* _Task item_: Extract the lines up to and including the one that contains "A to-do list", starting with the first line of the entries below, and omit the pictures.

* _Material for the task_:
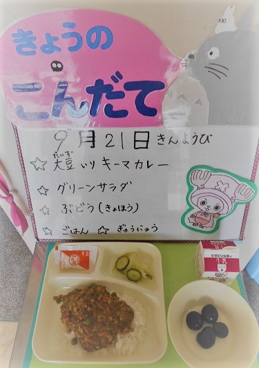 キーマカレーには、ひきわり大豆が入っています。好き嫌い調べもしてみると、おいしいし、サラダにも合うと好評でした。
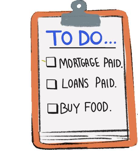 A to-do list showing mortgage, loans, and food paid for, expressing thanks for Biden Bucks and financial relief.
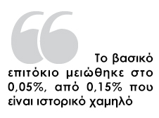Συγκεκριμένα, το βασικό επιτόκιο μειώθηκε στο 0,05%, από 0,15% που είναι ιστορικό χαμηλό, ενώ το επιτόκιο καταθέσεων, που για πρώτη φορά στην ιστορία είχε μειωθεί πριν από δύο μήνες σε αρνητικά επίπεδα, μειώθηκε περαιτέρω στο -0,2%.
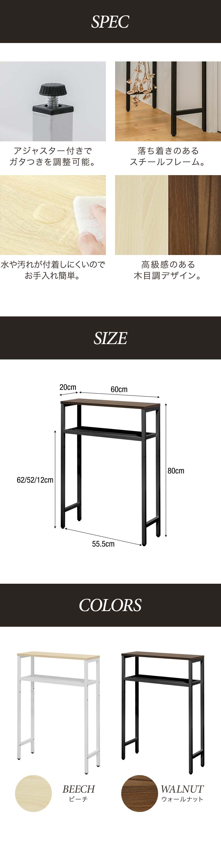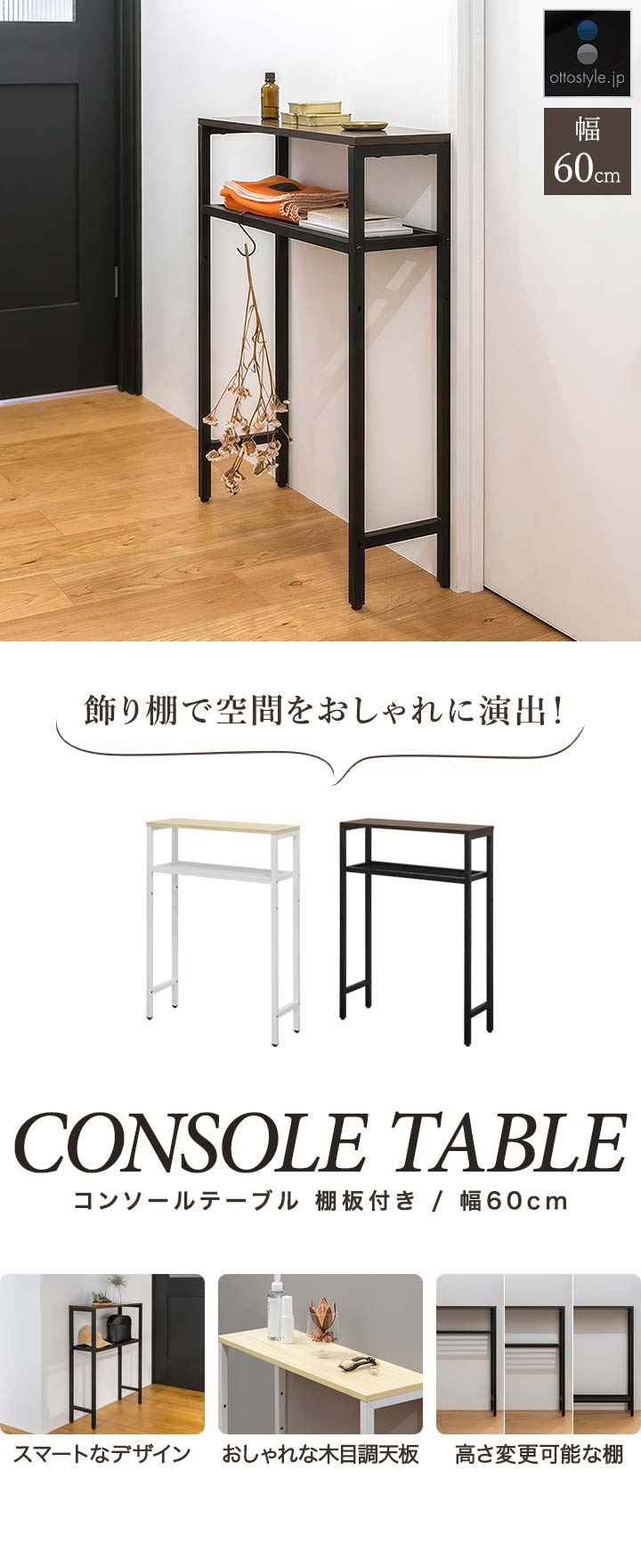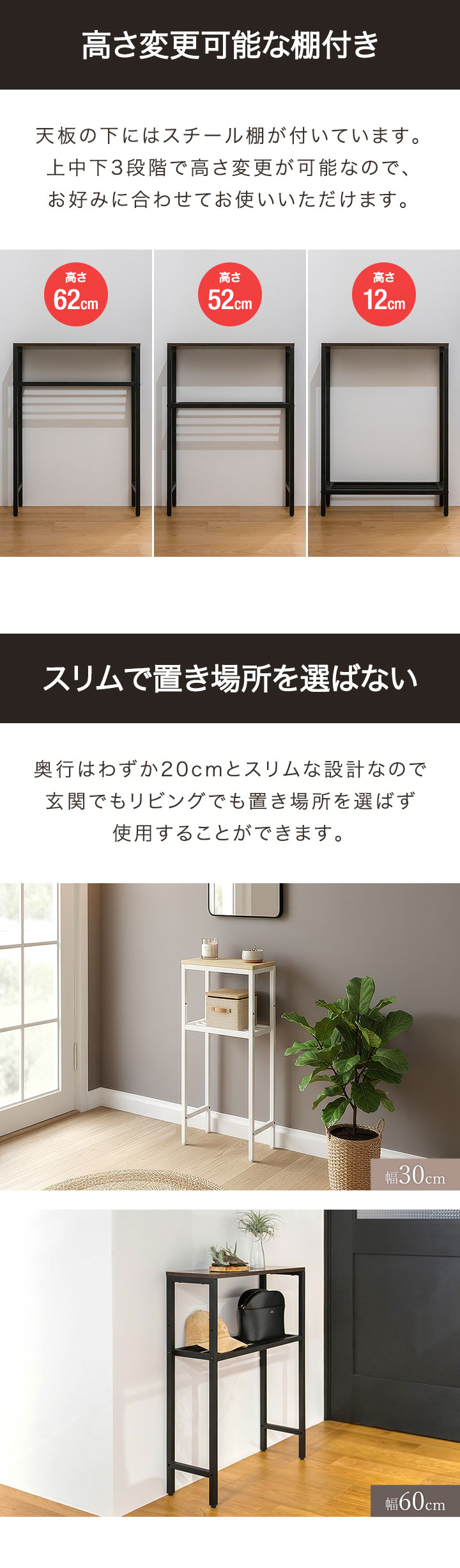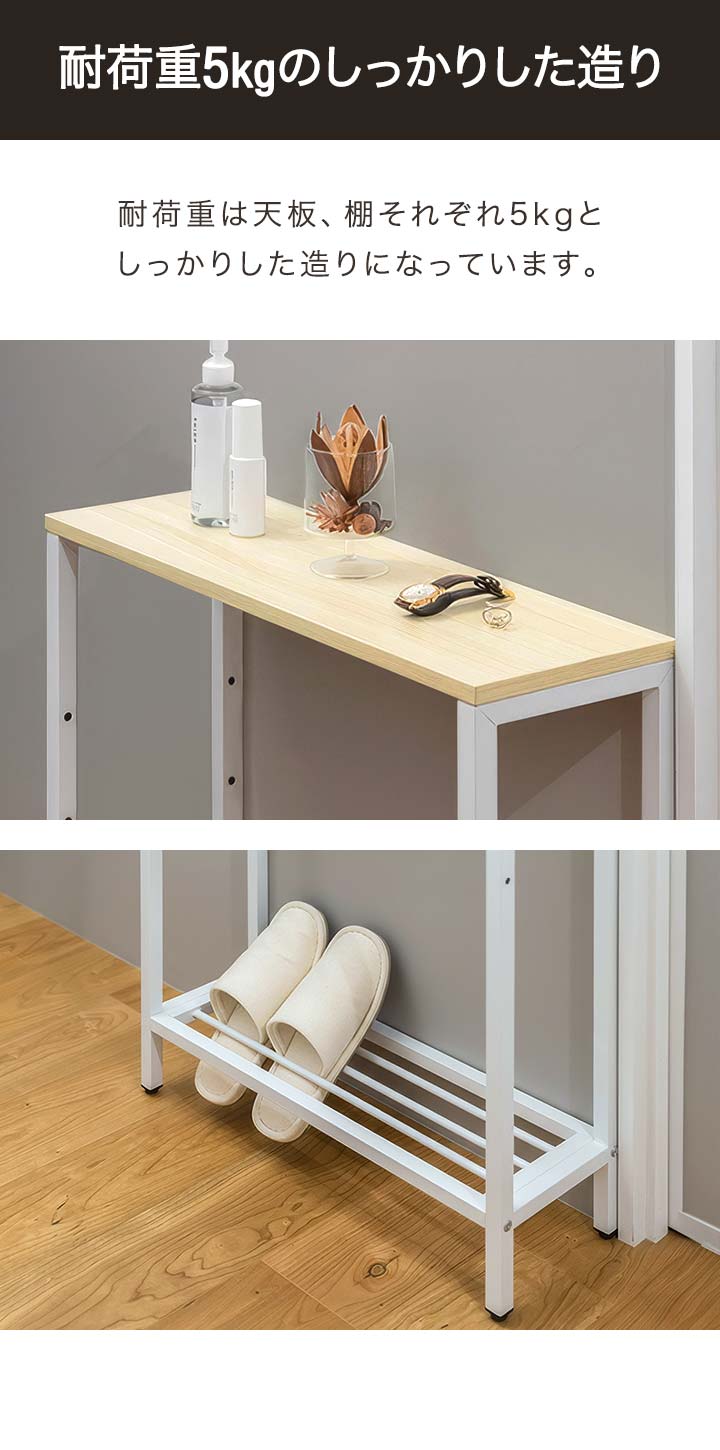 ヤフー1位 コンソールテーブル スリム 玄関 幅60cm×20cm 高さ80cm 中棚 高さ3段階 飾り棚 棚 廊下 玄関ラック 玄関テーブル 収納棚 送料無料
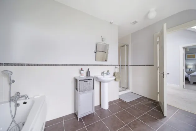 Ensuite Tiled flooring adn partially tiled walls. Comprising w.c, wash hand basin and electric shower.
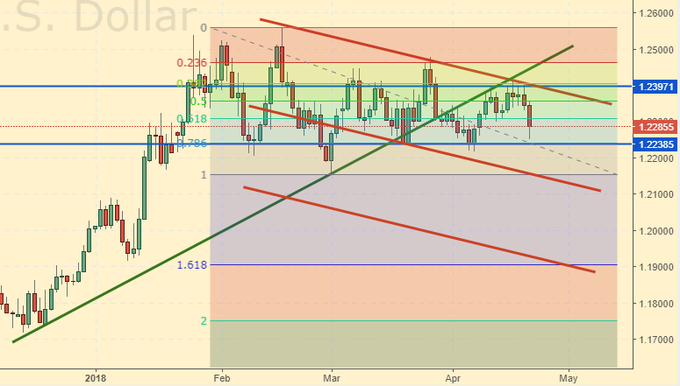 Сценарий роста: шансов мало, но с точки зрения техники надо поупрямиться. Если выбило по стоп-ордеру, то надо купить снова с новым стопом на 1.2245. Следует признать, что неделя закончилась для евро неудачно и картинка уже медвежья. У быков остались очень маленькие шансы на рост. 26 апреля посмотрим, что скажет ЕЦБ по ставке. И какие будут сделаны заявления. Если риторика будет мягкой, то мы быстро отправимся на 1.1900.
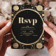The RSVP details are presented in a combination of modern calligraphy and classic serif fonts, embossed in luxurious gold foil to match the celestial elements. The card offers a clear and organized layout for guests to respond, with options for accepting or declining the invitation, along with space for any dietary preferences or special requests.
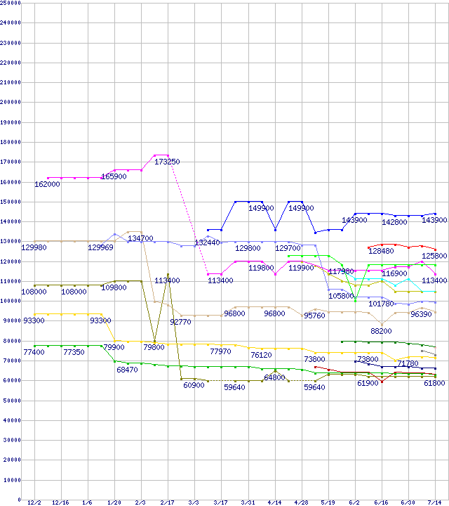 | CPU主要製品(最安値6万円以上)の最安値推移 | | | (2005年12月2日~2006年7月14日) |
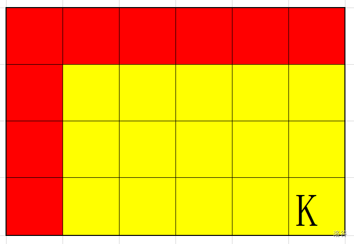 方阵如上图,其中每个格子的颜色为这个位置上同学的帽子颜色;“K”是小 K 的位置。

* _Problem solution_:
 キーマカレーには、ひきわり大豆が入っています。好き嫌い調べもしてみると、おいしいし、サラダにも合うと好評でした。
 A to-do list showing mortgage, loans, and food paid for, expressing thanks for Biden Bucks and financial relief.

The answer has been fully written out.